Segment Start: Data

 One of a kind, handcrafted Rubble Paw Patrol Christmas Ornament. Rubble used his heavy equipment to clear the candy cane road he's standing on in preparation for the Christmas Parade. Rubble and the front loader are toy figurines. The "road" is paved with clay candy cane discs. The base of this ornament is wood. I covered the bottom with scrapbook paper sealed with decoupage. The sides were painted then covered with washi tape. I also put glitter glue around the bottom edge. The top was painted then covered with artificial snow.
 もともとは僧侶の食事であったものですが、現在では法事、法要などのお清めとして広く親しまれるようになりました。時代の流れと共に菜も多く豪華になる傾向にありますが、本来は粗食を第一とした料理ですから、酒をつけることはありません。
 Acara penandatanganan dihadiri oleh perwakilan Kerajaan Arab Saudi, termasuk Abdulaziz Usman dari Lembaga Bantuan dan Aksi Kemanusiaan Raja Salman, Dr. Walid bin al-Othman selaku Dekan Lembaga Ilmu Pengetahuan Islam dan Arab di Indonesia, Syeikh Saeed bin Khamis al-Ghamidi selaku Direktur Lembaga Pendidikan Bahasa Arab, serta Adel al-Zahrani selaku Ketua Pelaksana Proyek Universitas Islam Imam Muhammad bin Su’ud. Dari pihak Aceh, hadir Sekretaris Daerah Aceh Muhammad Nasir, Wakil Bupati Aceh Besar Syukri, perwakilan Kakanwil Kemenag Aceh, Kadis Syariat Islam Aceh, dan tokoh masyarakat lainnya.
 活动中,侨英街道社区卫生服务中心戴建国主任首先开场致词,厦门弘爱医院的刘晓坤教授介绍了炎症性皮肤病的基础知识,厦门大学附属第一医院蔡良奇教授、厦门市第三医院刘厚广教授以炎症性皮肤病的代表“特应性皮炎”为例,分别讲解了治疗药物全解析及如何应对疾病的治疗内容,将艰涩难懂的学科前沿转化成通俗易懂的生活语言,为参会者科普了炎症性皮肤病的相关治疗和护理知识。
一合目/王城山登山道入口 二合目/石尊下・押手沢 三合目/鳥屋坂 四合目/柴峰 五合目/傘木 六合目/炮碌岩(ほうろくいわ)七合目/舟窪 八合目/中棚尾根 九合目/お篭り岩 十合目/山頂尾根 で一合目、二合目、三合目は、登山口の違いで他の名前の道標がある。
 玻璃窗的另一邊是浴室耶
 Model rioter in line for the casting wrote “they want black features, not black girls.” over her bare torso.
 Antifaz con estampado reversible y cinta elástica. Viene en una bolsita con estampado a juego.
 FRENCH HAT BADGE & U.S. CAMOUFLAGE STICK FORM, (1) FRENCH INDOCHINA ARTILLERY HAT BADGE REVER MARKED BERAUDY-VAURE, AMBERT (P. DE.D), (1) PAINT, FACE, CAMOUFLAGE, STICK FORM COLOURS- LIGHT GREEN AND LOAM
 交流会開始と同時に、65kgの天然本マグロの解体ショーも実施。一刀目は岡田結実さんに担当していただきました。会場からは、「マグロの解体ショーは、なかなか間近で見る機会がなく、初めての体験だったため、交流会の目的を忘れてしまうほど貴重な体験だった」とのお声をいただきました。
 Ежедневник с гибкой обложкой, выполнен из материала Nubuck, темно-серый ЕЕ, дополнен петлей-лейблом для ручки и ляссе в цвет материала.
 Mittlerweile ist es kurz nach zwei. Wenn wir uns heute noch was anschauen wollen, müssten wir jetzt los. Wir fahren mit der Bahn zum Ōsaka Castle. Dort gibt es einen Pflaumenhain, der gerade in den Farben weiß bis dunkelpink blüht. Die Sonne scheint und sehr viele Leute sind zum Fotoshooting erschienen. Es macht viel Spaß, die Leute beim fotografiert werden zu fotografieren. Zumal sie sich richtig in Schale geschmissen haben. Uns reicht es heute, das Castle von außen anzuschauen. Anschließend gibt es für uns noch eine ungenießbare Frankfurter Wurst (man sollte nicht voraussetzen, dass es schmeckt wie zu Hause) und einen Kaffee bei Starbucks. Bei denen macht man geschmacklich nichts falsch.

Segment End: Data

**Work task:** Reproduce verbatim only this range: the first line of the material through the line that contains "もともとは僧侶の食事であった", inclusive.

**Final answer:**
 One of a kind, handcrafted Rubble Paw Patrol Christmas Ornament. Rubble used his heavy equipment to clear the candy cane road he's standing on in preparation for the Christmas Parade. Rubble and the front loader are toy figurines. The "road" is paved with clay candy cane discs. The base of this ornament is wood. I covered the bottom with scrapbook paper sealed with decoupage. The sides were painted then covered with washi tape. I also put glitter glue around the bottom edge. The top was painted then covered with artificial snow.
 もともとは僧侶の食事であったものですが、現在では法事、法要などのお清めとして広く親しまれるようになりました。時代の流れと共に菜も多く豪華になる傾向にありますが、本来は粗食を第一とした料理ですから、酒をつけることはありません。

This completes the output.